Ели молча, глядя каждый в свою тарелку.
— Я еду в Бресдок, — коротко сообщила после окончания трапезы графиня.
— А мне-то что? — буркнул Дэсмонд.
— Просто я слышала, что муж велел Вам сопровождать меня. Но не хотите ехать, так не хотите, я прекрасно доберусь сама.
— Нет уж, — поднялся из-за стола молодой человек, — я поеду с Вами. Вдруг что случится?
Захватив мешочек с милостыней, Жанна сменила верхнюю одежду и вышла во двор. Дэсмонд уже прохаживался возле лошадей, с нетерпением дожидаясь появления хозяйки.
— Зачем Вам в Бресдок? — спросил он, помогая ей сесть в седло.
— По делам, — коротко ответила она, надевая перчатки.
В Бресдоке ей хотелось заказать службу за здравие Элджернона и, заодно, прибегнуть к услугам старой знахарки, по слухам знавшей в своё время Дьявола. Конечно, ей было боязно, страшно заходить к этой женщине, но потерять Элджернона было ещё страшнее. Хоть он и доставлял ей массу хлопот, он был её братом, единственной родной душой, и она его любила. Жанна надеялась, что знахарка в купе с усердными молитвами сумеет вылечить Элджернона.

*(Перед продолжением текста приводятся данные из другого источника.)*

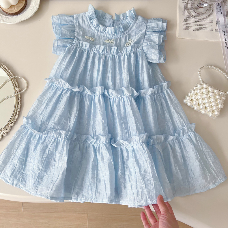 Vestido Infantil en Capas de Color Azul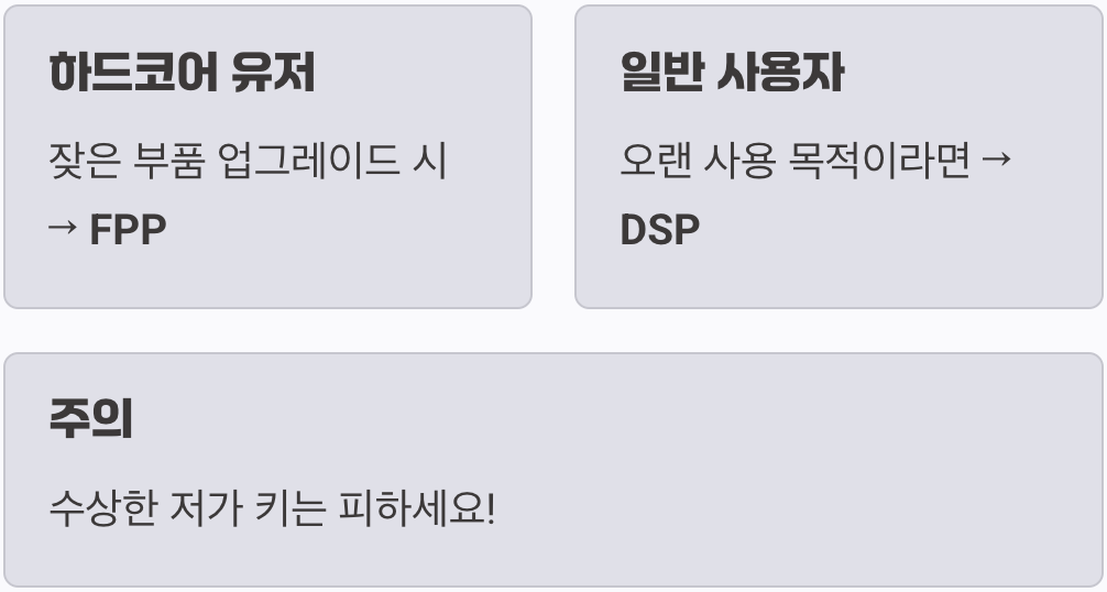 만약 당신이 컴퓨터 하드웨어에 관심이 많아 주기적으로 메인보드를 포함한 핵심 부품을 업그레이드하는 '하드코어 유저'라면, 비싸더라도 'FPP'가 유일한 정답입니다. 반면, 한번 컴퓨터를 조립하면 고장 날 때까지 큰 부품 교체 없이 오랫동안 사용하는 '일반적인 사용자'라면, 합리적인 가격의 'DSP'가 훌륭한 선택이 될 수 있습니다. 그리고 인터넷에서 파는 수상할 정도로 저렴한 키는, 미래의 골칫거리를 미리 사는 것과 같으니 반드시 피하는 것이 상책입니다.

Нищих и калек перед церковью было много. Они сидели на паперти и просили подаяния гнусавыми монотонными голосами. Останавливаясь перед каждым, графиня вынимала из кошелька по монетке и бросала в дрожащие от жадности и нетерпения руки. Обычно она не жаловала убогих, если те забредали в замок, нередко ограничивалась помоями с кухни, но неизменно по большим праздникам или просто по случаю воскресенья раздавала им милостыню. Сегодня она делала это, потому что был болен Элджернон, и, раздавая деньги от его имени, Жанна верила, что это ему зачтется Небесами.
Перекрестившись, Дэсмонд вслед за золовкой вошел в церковь и остановился неподалеку от входа, издали наблюдая за тем, как она разговаривает со священником. В голову, как и прошлой ночью, лезла всякая дрянь. Отвернувшись, он пристально уставился на полоску дневного света, проникавшую внутрь сквозь неплотно прикрытые двери.
— Мы ещё в одно место, и домой, — выходя, сообщила Жанна.
Он кивнул и молча последовал за ней.
Знахарка жила на отшибе в лачуге, не навевавшей мыслей о тепле и покое. Казалось, рано или поздно она погребет под собой хозяйку. Увидев её, графиня всерьёз задумалась, стоит ли туда заходить. Вдруг там летучие мыши, а по полу прыгают жабы?
Жанна спешилась и в нерешительности замерла перед входом в покосившееся жилище. Уехать было стыдно, а войти — страшно. Неожиданно на помощь пришёл Дэсмонд, предложивший сходить вместо неё.
— Уж не знаю, что Вам там нужно, но заходить туда Вам не следует, — решительно заявил он. — Туда пойду я, а Вы останетесь здесь.
— Боюсь, не получится, — улыбнулась графиня. — Вы же не знаете, зачем я здесь.
— А Вы скажите. — Он стоял рядом с ней, полный решимости и желания помочь ей.
— А Вы не испугаетесь?
— Вот ещё! — фыркнул Дэсмонд. — Я же мужчина. — Он с гордостью похлопал по перевязи меча.
— Хорошо, — сдалась Жанна, — я скажу Вам. Здесь живет женщина, умеющая заговаривать травы. Мне нужно, чтобы она дала мне лекарство для брата. У него жар, боль в горле и ломота в теле.
— Никогда ещё не бывал у ведьмы! — усмехнулся молодой человек. — Что ж, пойду, взгляну на неё, а заодно принесу Вам какое-нибудь зелье.
— Вам распятие не нужно? — Она протянула ему захваченный из дома кипарисовый крест, опрыснутый Святой водой.